(Extracted records)
□ □ □ □ □ □ □

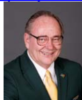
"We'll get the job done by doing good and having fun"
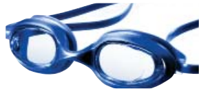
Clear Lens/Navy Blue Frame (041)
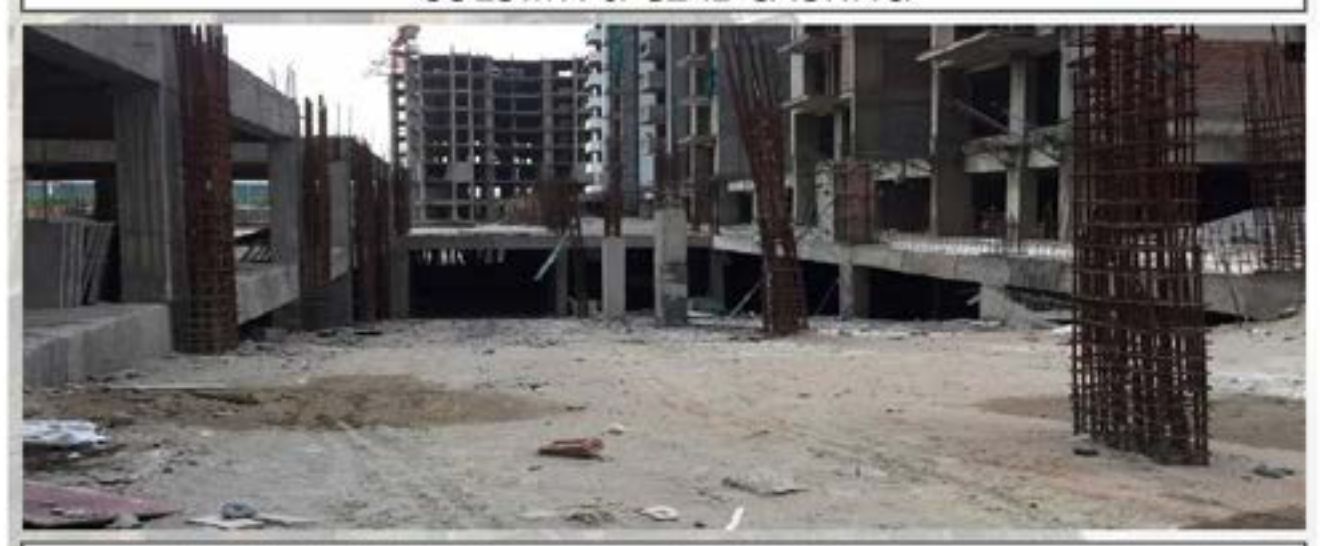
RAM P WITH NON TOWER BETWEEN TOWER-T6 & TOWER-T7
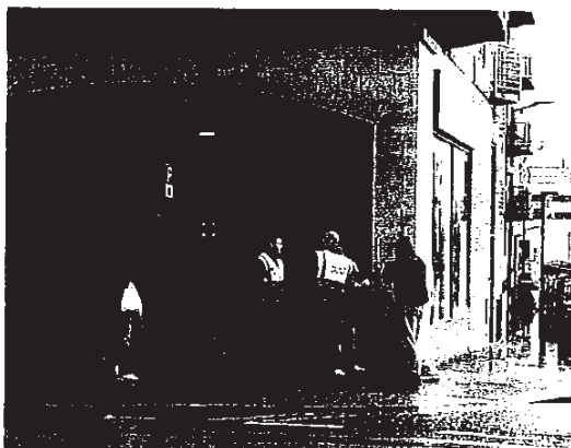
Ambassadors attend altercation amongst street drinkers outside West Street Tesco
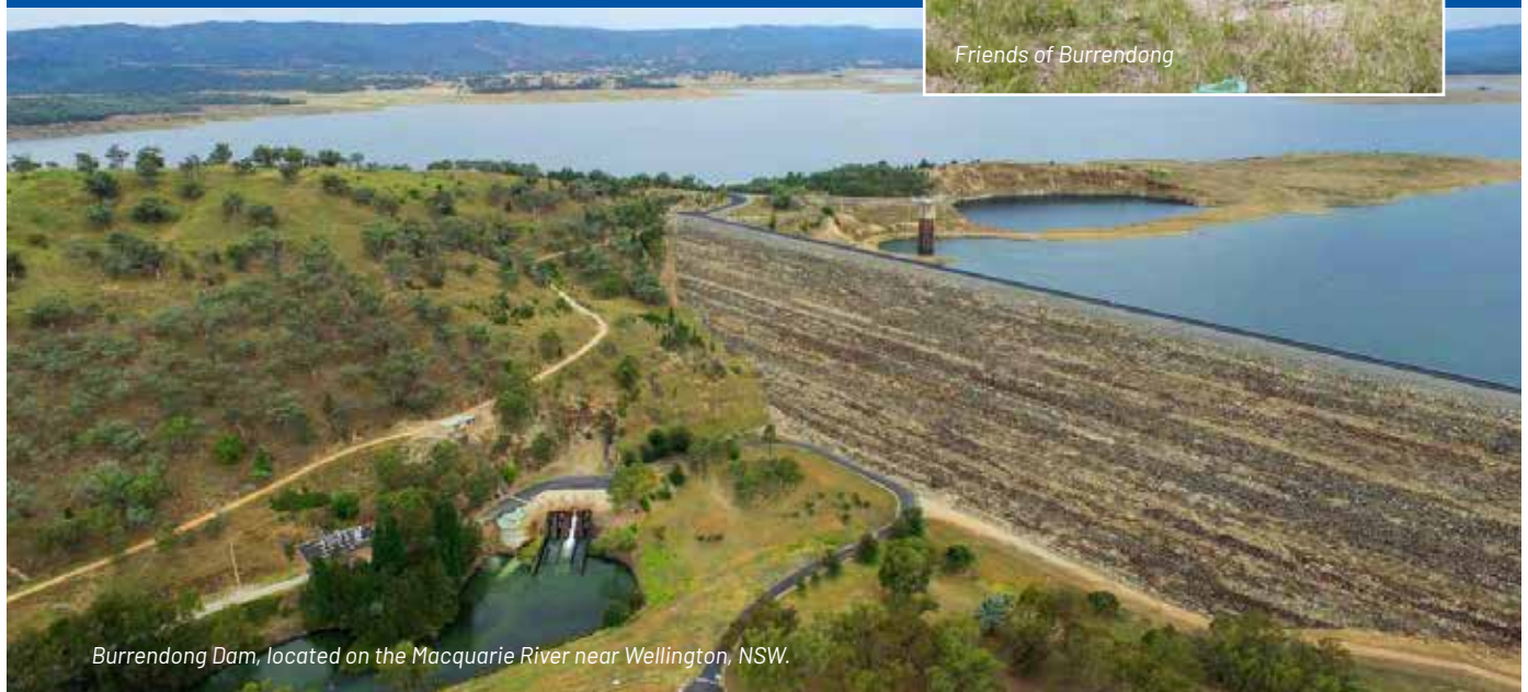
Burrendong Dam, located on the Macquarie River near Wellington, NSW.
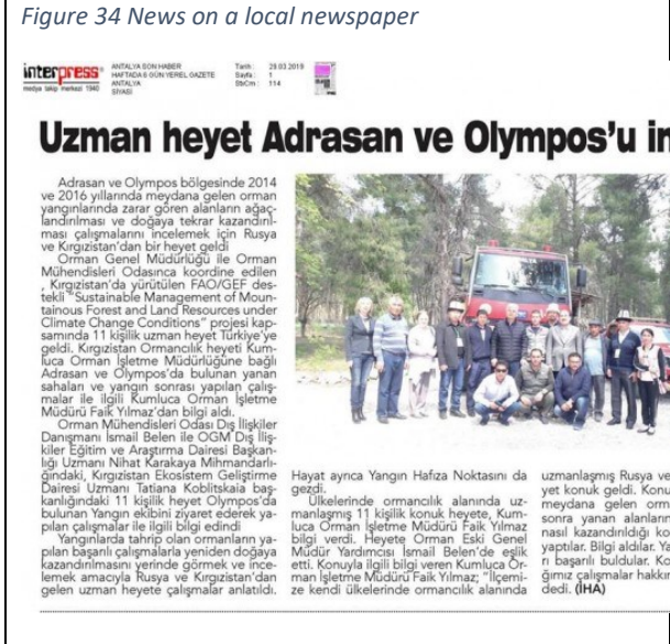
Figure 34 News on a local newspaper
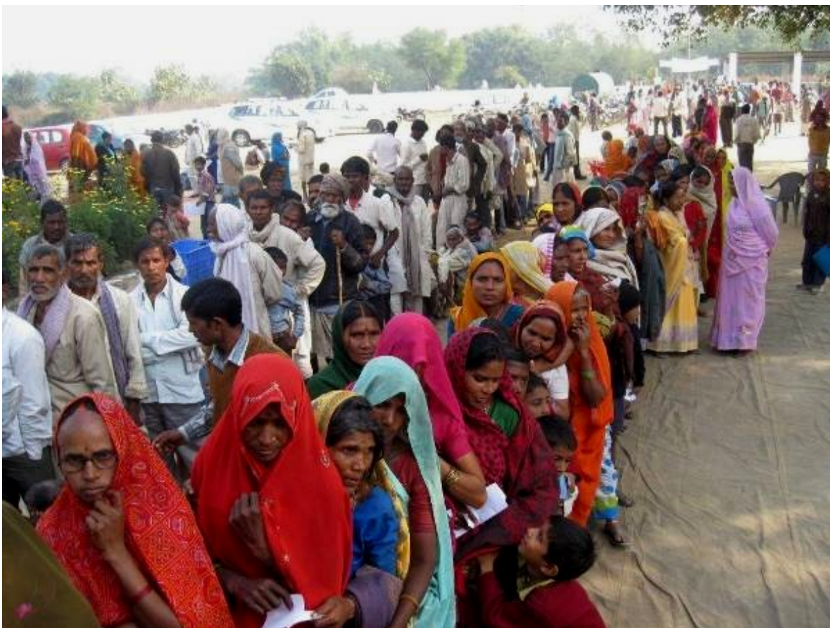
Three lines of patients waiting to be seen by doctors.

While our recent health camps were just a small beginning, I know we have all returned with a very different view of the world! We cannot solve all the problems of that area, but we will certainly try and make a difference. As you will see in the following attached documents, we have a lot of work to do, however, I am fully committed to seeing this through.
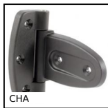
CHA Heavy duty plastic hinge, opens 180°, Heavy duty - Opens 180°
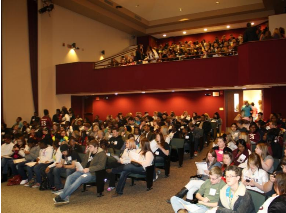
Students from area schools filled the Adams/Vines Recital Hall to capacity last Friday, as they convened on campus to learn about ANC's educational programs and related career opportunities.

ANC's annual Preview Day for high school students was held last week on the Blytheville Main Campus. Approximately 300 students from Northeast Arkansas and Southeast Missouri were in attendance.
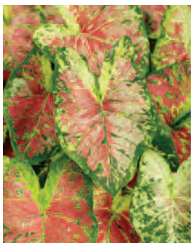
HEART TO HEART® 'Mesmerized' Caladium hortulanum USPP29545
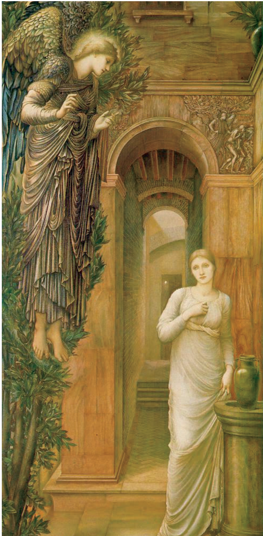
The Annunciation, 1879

□ □ □ □ □ □ □

**Your goal:** Only the lines from the one containing "ANC's annual Preview" through the last line of the entries belong in the answer, given again exactly. Images stay out.

**Reply:**
ANC's annual Preview Day for high school students was held last week on the Blytheville Main Campus. Approximately 300 students from Northeast Arkansas and Southeast Missouri were in attendance.
HEART TO HEART® 'Mesmerized' Caladium hortulanum USPP29545
The Annunciation, 1879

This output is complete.